Surveillance cameras provide real-time, extremely high-resolution images 24/7. We access them to apply Artificial Intelligence (AI) solutions to identify floating debris over time. Therefore, we are using an object recognition techniques (YOLO-5), which we have trained for oblique camera records of CCTV cameras to identify floating debris and plastic.
The cameras are observing river transects and coastal zones. They complement the satellite data by on-site images and are automatically ingested into the App. The convolutional neural network (CNN) that we use for floating debris and plastic object detection was trained with data collected in Indonesia, Italy, Bavaria and Brazil. For the data collection, we used freely available CCTV cameras on bridge poles, but also mobile phones or sport cameras.
Satellite data enable a synoptic view of aquatic environments in space and time. They allow to locate and quantify water quality phenomena, such as algal blooms, turbidity and sediment loads. In Eyes on Plastic, satellite-derived turbidity measurements serve as a proximity of plastic in the water column.

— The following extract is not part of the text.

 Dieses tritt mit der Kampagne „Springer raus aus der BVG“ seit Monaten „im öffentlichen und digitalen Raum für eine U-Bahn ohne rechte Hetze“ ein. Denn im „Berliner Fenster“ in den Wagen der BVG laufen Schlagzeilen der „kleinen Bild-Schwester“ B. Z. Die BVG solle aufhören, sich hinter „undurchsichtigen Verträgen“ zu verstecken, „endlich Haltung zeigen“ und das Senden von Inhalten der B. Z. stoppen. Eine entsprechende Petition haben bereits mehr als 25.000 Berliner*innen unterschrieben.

EOMAP’s verified Earth observation Workflow System (EWS) and the physics-based pre-processing and analytics (Modular Inversion Program MIP) are applied to routinely analyse Sentinel-2 satellite data.

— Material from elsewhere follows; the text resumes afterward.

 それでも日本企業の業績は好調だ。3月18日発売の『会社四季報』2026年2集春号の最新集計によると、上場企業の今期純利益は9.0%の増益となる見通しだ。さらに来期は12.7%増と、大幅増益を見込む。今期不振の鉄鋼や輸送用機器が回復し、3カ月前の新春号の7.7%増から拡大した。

In addition, satellite-based data can help to identify floating debris patches.
For this purpose, high-resolution spectral sensors on satellites are used. They allow to classify and later quantify plastic component meadows in the floating debris on the water surface of rivers and coastal zones.
The public is a key and integrated part of the technological concept.
People from all over the world are invited to upload occurences of plastic waste. This can cover plastic waste they have spotted, but also or cleaning activities. Automated geo-positioning while uploading a new photo ensures smooth usability. The crowdsourcing approach in return will have a positive recurring effect on the automated plastic detection applied on the fixed (CCTV) cameras: The images uploaded will be used to train and improve the AI algorithms.
Citizens are also welcome to upload links to relevant publications from research and mass media. This concept offers manifold citizen science opportunities to share knowledge and experience.
The very high resolution imagery from drones are highly valuable to identify plastic objects (>macro-size), and raised our thoughts on the business aspect of this. In the future, we will consider using drone data (RGB) data from stakeholders which we can use to provide the technical feasibility.
This is why drones – so far – are included as an optional source.
Plastic litter is not floating on the water surface. Therefore, Eyes on Plastic also aims at underwater camera data analytics. Similarly to camera systems above water, we plan to deploy an embedded optical object detection system onboard an ROV. This allows to monitor the water column for plastic litter concentration on the decimetre scale.
Still searching for reliable training data, we intend to cope with the fact that objects are often covered in dirt or biofouling.
Just like drones, ROVs are therefore shown as an optional data source.